Center for Computational Medicine and Bioinformatics, University of Michigan, USA.
Mol Biol Evol. 2010 Mar;27(3):552-69. doi: 10.1093/molbev/msp250. Epub 2009 Oct 15.
Concatenated sequence alignments are often used to infer species-level relationships. Previous studies have shown that analysis of concatenated data using maximum likelihood (ML) can produce misleading results when loci have differing gene tree topologies due to incomplete lineage sorting. Here, we develop a polynomial time method that utilizes the modified mincut supertree algorithm to construct an estimated species tree from inferred rooted triples of concatenated alignments. We term this method SuperMatrix Rooted Triple (SMRT) and use the notation SMRT-ML when rooted triples are inferred by ML. We use simulations to investigate the performance of SMRT-ML under Jukes-Cantor and general time-reversible substitution models for four- and five-taxon species trees and also apply the method to an empirical data set of yeast genes. We find that SMRT-ML converges to the correct species tree in many cases in which ML on the full concatenated data set fails to do so. SMRT-ML can be conservative in that its output tree is often partially unresolved for problematic clades. We show analytically that when the species tree is clocklike and mutations occur under the Cavender-Farris-Neyman substitution model, as the number of genes increases, SMRT-ML is increasingly likely to infer the correct species tree even when the most likely gene tree does not match the species tree. SMRT-ML is therefore a computationally efficient and statistically consistent estimator of the species tree when gene trees are distributed according to the multispecies coalescent model.

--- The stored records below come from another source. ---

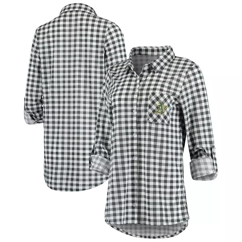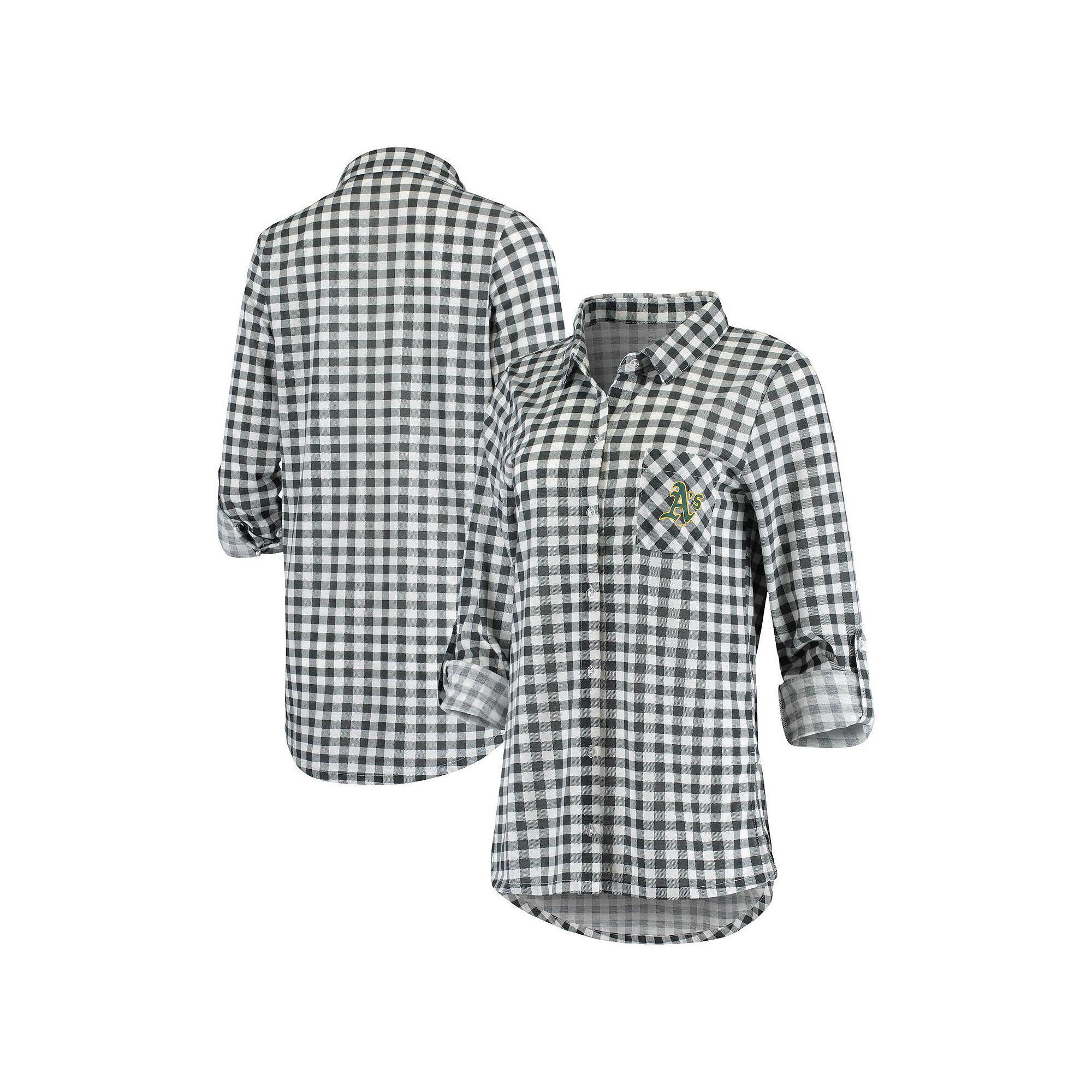 Relax after a long day in this Wanderer button-up nightshirt from Concepts Sport. It features the Oakland Athletics logo and a classic plaid pattern on extra-soft fabric. Youll feel ready to unwind after you put on this Oakland Athletics top.Relax after a long day in this Wanderer button-up nightshirt from Concepts Sport. It features the Oakland Athletics logo and a classic plaid pattern on extra-soft fabric. Youll feel ready to unwind after you put on this Oakland Athletics top.PRODUCT FEATURESOfficially licensedMachine wash, tumble dry lowMaterial: 100% PolyesterLong sleeveFull-button frontScreen print graphicsImportedRoll-up sleeve with button tabWoven plaid patternBrand: Concepts SportRounded hemChest pocket Size: M. Color: Charcoal. Gender: female. Age Group: adult.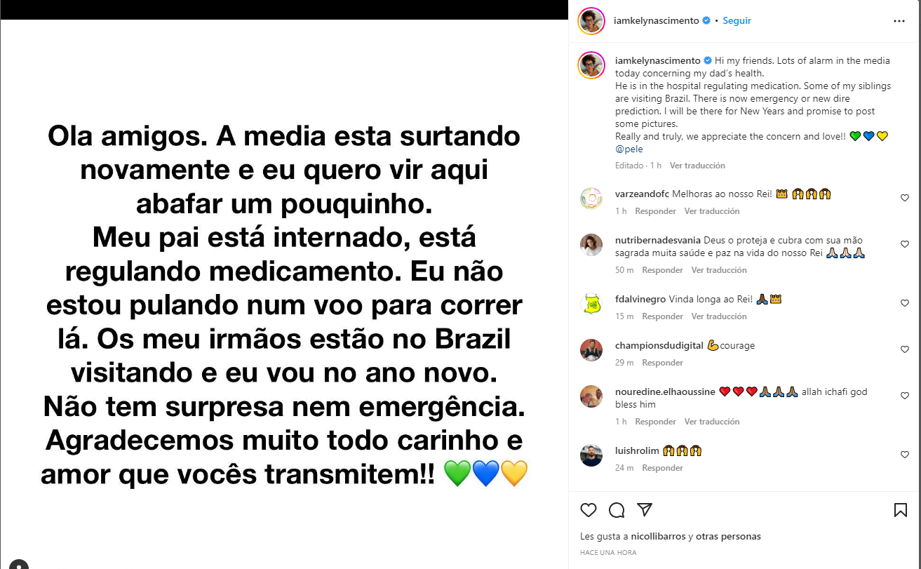 Mientras que la hija de Pelé, Kely Nascimento, publicó un post en Instagram en el que calma a los fans de su padre: "Hola amigos. Mucha alarma en los medios hoy con respecto a la salud de mi padre. Está en el hospital regulando la medicación. Algunos de mis hermanos están visitándole en Brasil. Ahora hay una emergencia o una nueva predicción terrible. Estaré allí para Año Nuevo y prometo publicar algunas fotos. ¡¡Realmente y verdaderamente, apreciamos la preocupación y el amor!!".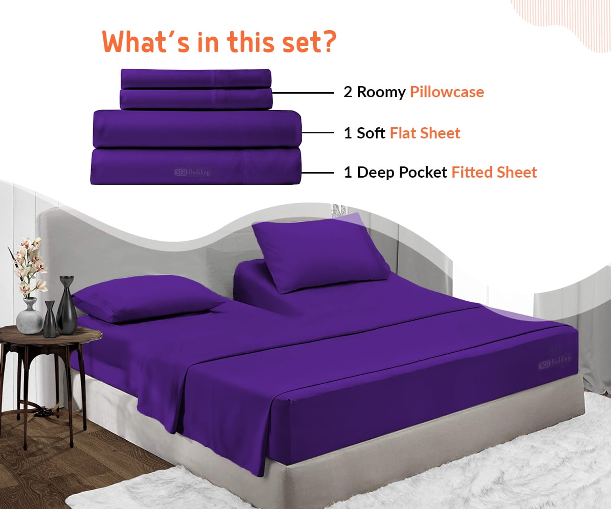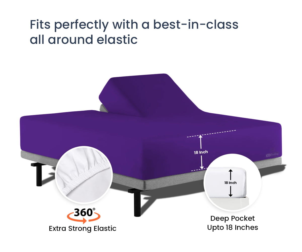 600TC Top Split Bed Sheet Set Egyptian Cotton 15″ Deep 30″ King Purple Soft Smooth 4 Piece Sheets

串联序列比对常用于推断种间关系。先前的研究表明,由于不完全谱系分选,当基因树拓扑结构不同时,使用最大似然法(ML)对串联数据进行分析会产生误导性结果。在这里,我们开发了一种多项式时间方法,该方法利用改进的最小割超级树算法,从推断的串联比对的有根三联体构建估计的种系发生树。我们将这种方法称为 SuperMatrix Rooted Triple(SMRT),并在通过 ML 推断有根三联体时使用 SMRT-ML 表示法。我们使用模拟来研究 SMRT-ML 在 Jukes-Cantor 和广义时间可逆替代模型下对四联体和五联体种系发生树的性能,并且还将该方法应用于酵母基因的实证数据集。我们发现,在许多情况下,当对完整的串联数据集进行 ML 时无法正确推断出种系发生树,而 SMRT-ML 却可以正确推断出种系发生树。SMRT-ML 可能较为保守,因为对于有问题的分支,其输出树通常部分未解决。我们通过分析表明,当种系发生树为钟形且突变发生在 Cavender-Farris-Neyman 替代模型下时,随着基因数量的增加,即使最可能的基因树与种系发生树不匹配,SMRT-ML 也越来越有可能推断出正确的种系发生树。因此,当基因树根据多物种融合模型分布时,SMRT-ML 是一种计算效率高且统计一致的种系发生树估计量。